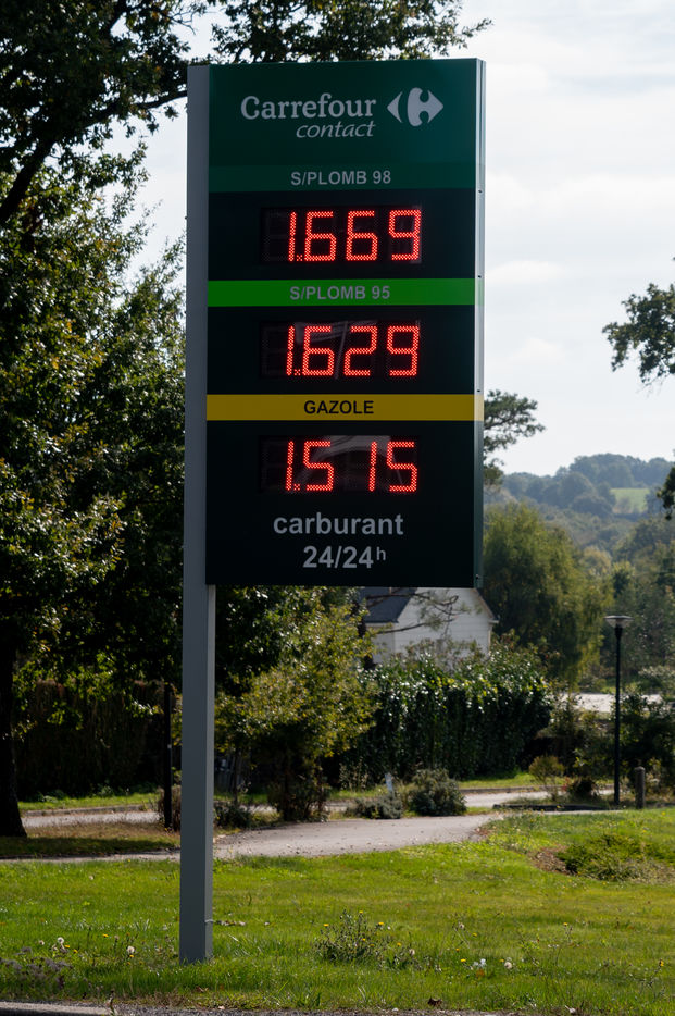 Inflation of the diesel price, which averages €1.5354 per liter at gas stations in France, a new record, after that of October 12, 2018 (€1.5331), just before the Yellow Vests crisis. This increase also concerns unleaded 95-E10, which reaches €1.60 compared to €1.56 in August 2013. Illustration photo of a gas station in Nantes.
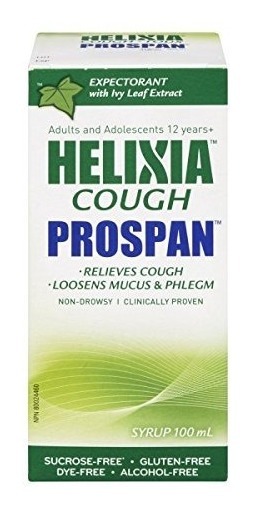 Excelente contra la tos asociada con moco espeso; Bien tolerado, sabor suave y agradable (miel / té helado verde similares); Producto natural (Hedera helix L.); Utilizado por más de 20 años en Alemania; Sacarosa, gluten, colorantes, alcohol y libre de drowsyness Helixia Prospan es la versión canadiense de Europa conocido jarabe Prospan. Sus extractos de hiedra de propiedad ayuda a aflojar el moco espeso y tenaz a toser a cabo con menos esfuerzo. Se dice que es también poseen propiedades anti-inflamatorias. posología recomendada durante 12 años en adelante es de 5 ml (1 cucharadita) 3 veces al día durante al menos una semana, pero debe buscar consejo médico sus síntomas duran más de 4 semanas. Agitar bien antes de usar. ingredientes no medicinales son agua purificada, sorbitol, sabor, goma de xantano, sorbato de potasio y ácido cítrico. Se incluye una taza de dosificación. En caso de sufrir de fiebre, tienen sangre o pus en la mucosa o dificultad respiratoria o si tiene alergia a la hiedra, el sorbitol o cualquier otro ingredientes antes mencionados, se abstengan de usar este producto. Estable durante hasta 3 meses después de la primera apertura. Por favor, lea el prospecto antes de usar. Todos nuestros productos son de Estados Unidos SKU 23111813980
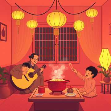 Warm acoustic pop with a light spring festival groove; nylon guitar and soft bass carrying a gentle swing. Verses stay intimate with close-mic vocals and subtle shaker; chorus widens with group “ô hô” responses, bright plucks, and playful percussion. Energy rises each generation, ending in a joyful family singalong feel.
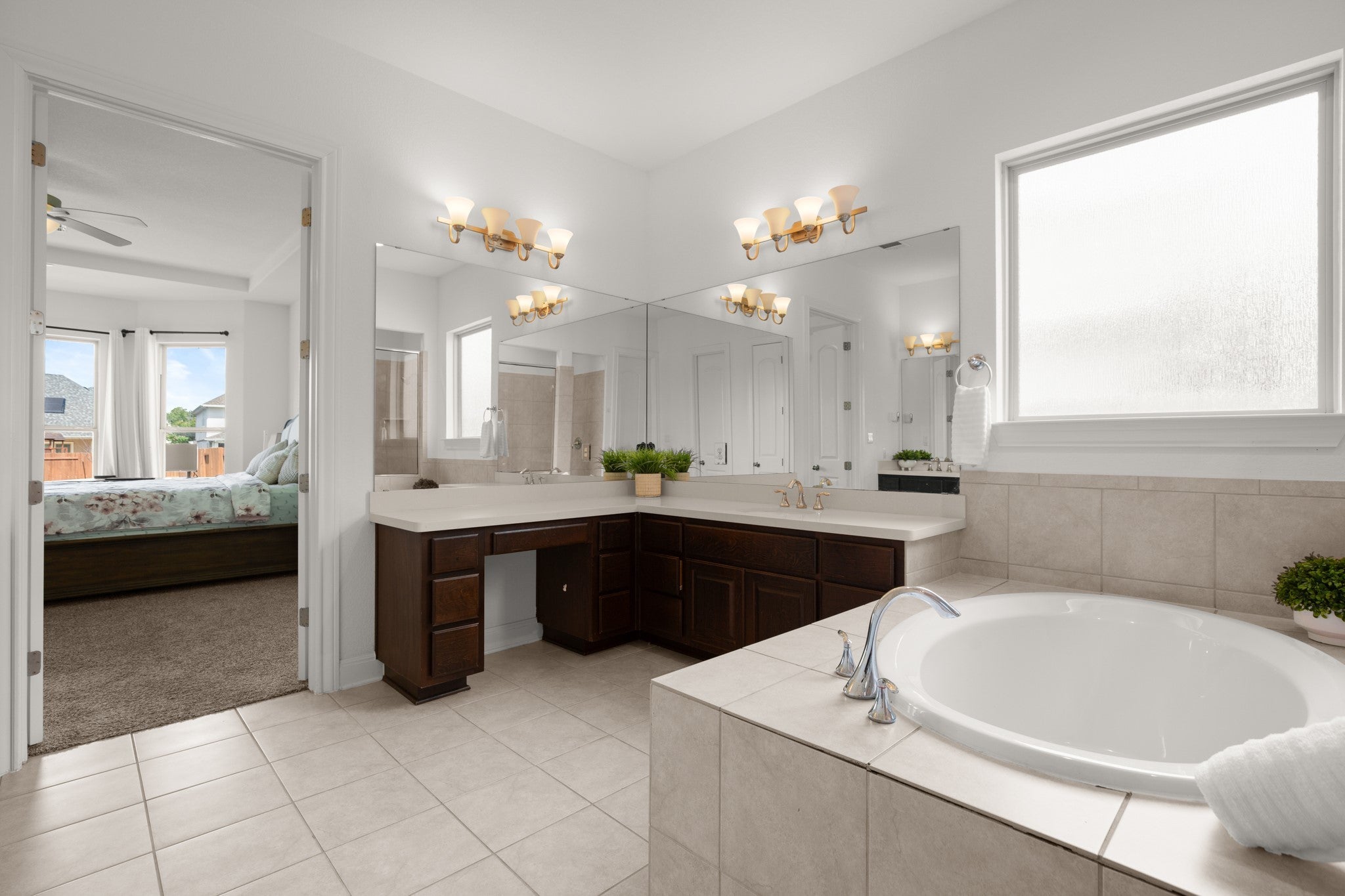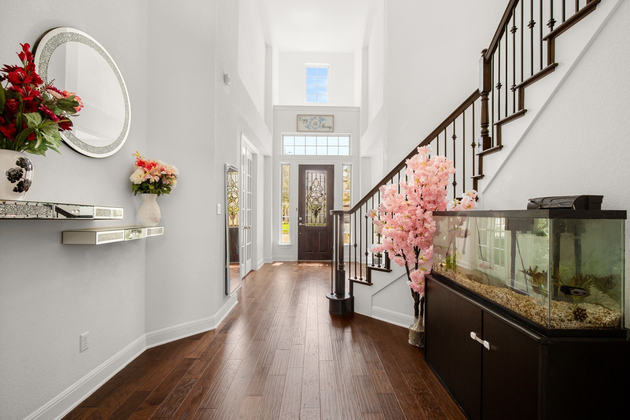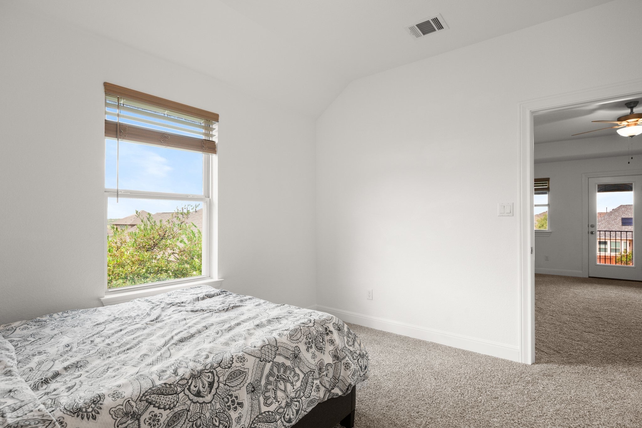 The Bluffs at Crystal Falls – Where Luxury Meets Lifestyle. Tucked away on a quiet cul-de-sac in the sought-after Bluffs at Crystal Falls, this beautifully designed 5-bedroom, 4.5-bath home blends modern elegance with everyday comfort. Set on a spacious 0.3-acre lot, the backyard offers a blank canvas ready for your dream outdoor retreat. The entry foyer is framed by a private home office with French doors and an elegant formal dining room, leading to a dramatic rotunda with a grand staircase rising to the second floor. At the heart of the home, a stunning two-story great room features soaring ceilings, stacked windows that flood the space with natural light, and a cozy corner fireplace. The open layout flows seamlessly into the gourmet island kitchen, complete with timeless cabinetry, Omega Stone quartz countertops, built-in stainless steel appliances, cafe counter seating, a pantry, and a generous dining area overlooking the backyard. The main floor includes a secluded primary suite and a guest bedroom, both with ensuite baths - ideal for guests or multi-generational living, plus a convenient half bath. Upstairs offers three additional bedrooms, two full baths, a spacious game room, and a fully equipped media room with screen and projector that convey. An upgraded upstairs balcony adds even more value and charm. Energy-efficient solar panels provide immediate cost savings, while additional upgrades include a whole-home water filtration system, under-sink RO system, and automatic irrigation with rain sensor and wireless monitoring. Top rated Leander ISD schools for educational excellence. Residents enjoy Crystal Falls’ exceptional amenities, including two resort-style pools, tennis courts, an 18-hole disc golf course, fishing pond, scenic trails, and more - all with easy access to major roadways, dining, shopping, and entertainment. This isn’t just a home - it’s a lifestyle. Schedule your showing today!

★ ★ ★ ★

> Description of the task:
In the listing above, find the line containing "Excelente contra la" and the line containing "Warm acoustic pop", then return both of them and every line between, exactly, without pictures.

> Output for this exercise:
 Excelente contra la tos asociada con moco espeso; Bien tolerado, sabor suave y agradable (miel / té helado verde similares); Producto natural (Hedera helix L.); Utilizado por más de 20 años en Alemania; Sacarosa, gluten, colorantes, alcohol y libre de drowsyness Helixia Prospan es la versión canadiense de Europa conocido jarabe Prospan. Sus extractos de hiedra de propiedad ayuda a aflojar el moco espeso y tenaz a toser a cabo con menos esfuerzo. Se dice que es también poseen propiedades anti-inflamatorias. posología recomendada durante 12 años en adelante es de 5 ml (1 cucharadita) 3 veces al día durante al menos una semana, pero debe buscar consejo médico sus síntomas duran más de 4 semanas. Agitar bien antes de usar. ingredientes no medicinales son agua purificada, sorbitol, sabor, goma de xantano, sorbato de potasio y ácido cítrico. Se incluye una taza de dosificación. En caso de sufrir de fiebre, tienen sangre o pus en la mucosa o dificultad respiratoria o si tiene alergia a la hiedra, el sorbitol o cualquier otro ingredientes antes mencionados, se abstengan de usar este producto. Estable durante hasta 3 meses después de la primera apertura. Por favor, lea el prospecto antes de usar. Todos nuestros productos son de Estados Unidos SKU 23111813980
 Warm acoustic pop with a light spring festival groove; nylon guitar and soft bass carrying a gentle swing. Verses stay intimate with close-mic vocals and subtle shaker; chorus widens with group “ô hô” responses, bright plucks, and playful percussion. Energy rises each generation, ending in a joyful family singalong feel.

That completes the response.